What to work on: Exactly as they appear, retype the lines from the one containing "(BIG MIKE/ビッグマイク) Heavy" through the final line of the data below. Leave pictures out.

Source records
::::
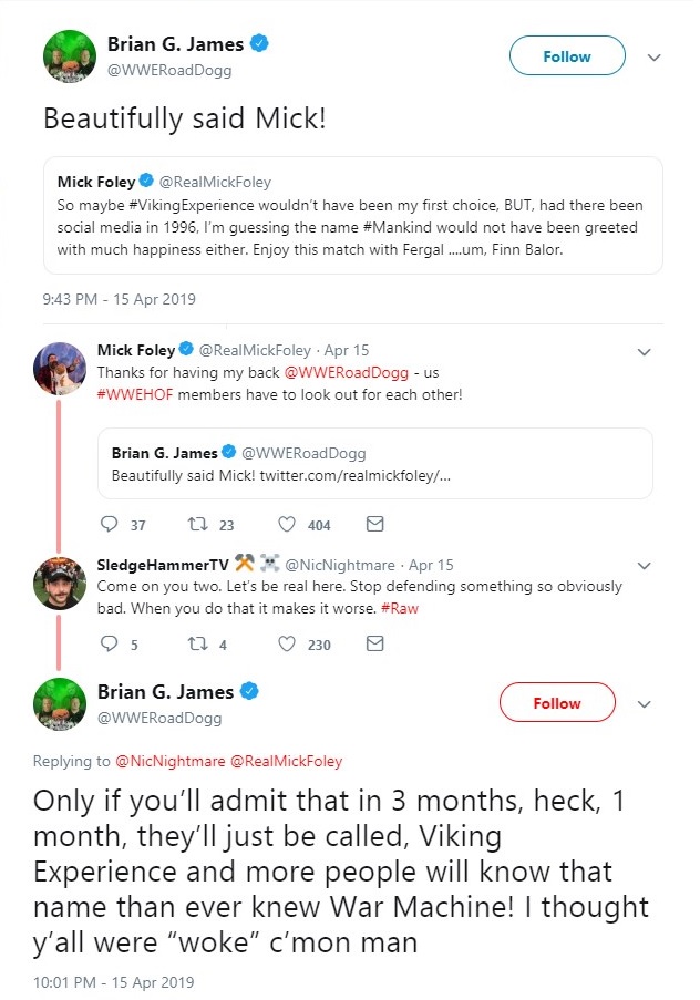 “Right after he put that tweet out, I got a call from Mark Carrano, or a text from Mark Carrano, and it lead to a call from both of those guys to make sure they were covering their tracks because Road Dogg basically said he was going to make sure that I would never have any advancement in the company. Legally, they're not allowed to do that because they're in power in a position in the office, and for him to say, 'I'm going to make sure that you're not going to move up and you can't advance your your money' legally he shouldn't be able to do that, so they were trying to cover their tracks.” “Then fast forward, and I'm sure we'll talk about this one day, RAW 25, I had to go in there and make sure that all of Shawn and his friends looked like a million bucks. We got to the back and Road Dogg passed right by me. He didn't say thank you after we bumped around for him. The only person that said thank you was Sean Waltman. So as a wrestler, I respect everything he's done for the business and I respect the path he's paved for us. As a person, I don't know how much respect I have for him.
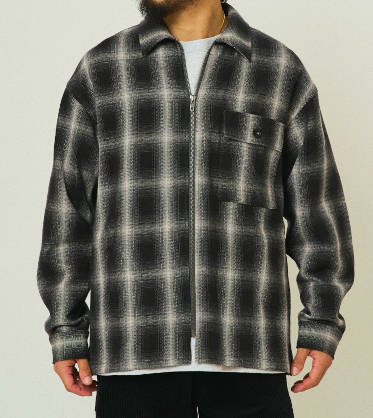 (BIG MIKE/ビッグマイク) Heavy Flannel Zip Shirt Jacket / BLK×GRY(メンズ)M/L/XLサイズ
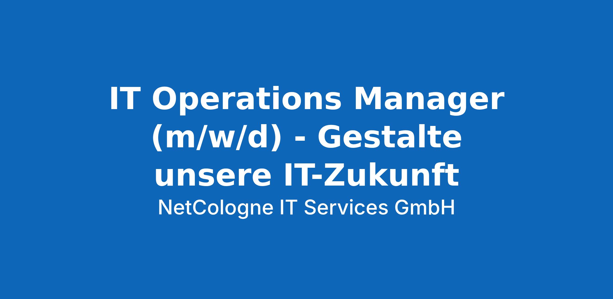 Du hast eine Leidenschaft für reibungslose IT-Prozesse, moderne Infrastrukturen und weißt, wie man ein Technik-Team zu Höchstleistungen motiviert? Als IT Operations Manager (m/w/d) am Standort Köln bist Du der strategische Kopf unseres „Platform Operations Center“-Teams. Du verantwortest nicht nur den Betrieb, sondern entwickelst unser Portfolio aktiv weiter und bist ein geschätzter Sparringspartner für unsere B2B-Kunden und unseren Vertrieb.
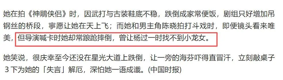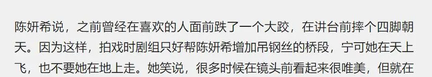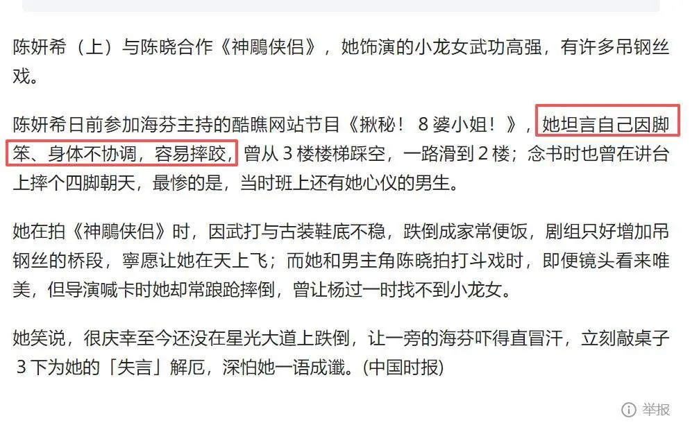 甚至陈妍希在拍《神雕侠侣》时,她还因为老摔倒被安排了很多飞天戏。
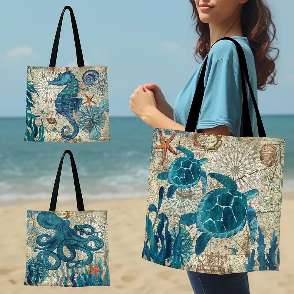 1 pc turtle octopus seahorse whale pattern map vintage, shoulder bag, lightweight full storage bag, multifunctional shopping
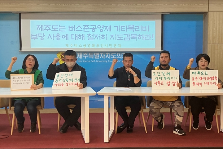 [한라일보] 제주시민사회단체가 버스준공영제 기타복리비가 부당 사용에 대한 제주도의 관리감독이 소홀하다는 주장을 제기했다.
::::
Answer to the problem:
 (BIG MIKE/ビッグマイク) Heavy Flannel Zip Shirt Jacket / BLK×GRY(メンズ)M/L/XLサイズ
 Du hast eine Leidenschaft für reibungslose IT-Prozesse, moderne Infrastrukturen und weißt, wie man ein Technik-Team zu Höchstleistungen motiviert? Als IT Operations Manager (m/w/d) am Standort Köln bist Du der strategische Kopf unseres „Platform Operations Center“-Teams. Du verantwortest nicht nur den Betrieb, sondern entwickelst unser Portfolio aktiv weiter und bist ein geschätzter Sparringspartner für unsere B2B-Kunden und unseren Vertrieb.
 甚至陈妍希在拍《神雕侠侣》时,她还因为老摔倒被安排了很多飞天戏。
 1 pc turtle octopus seahorse whale pattern map vintage, shoulder bag, lightweight full storage bag, multifunctional shopping
 [한라일보] 제주시민사회단체가 버스준공영제 기타복리비가 부당 사용에 대한 제주도의 관리감독이 소홀하다는 주장을 제기했다.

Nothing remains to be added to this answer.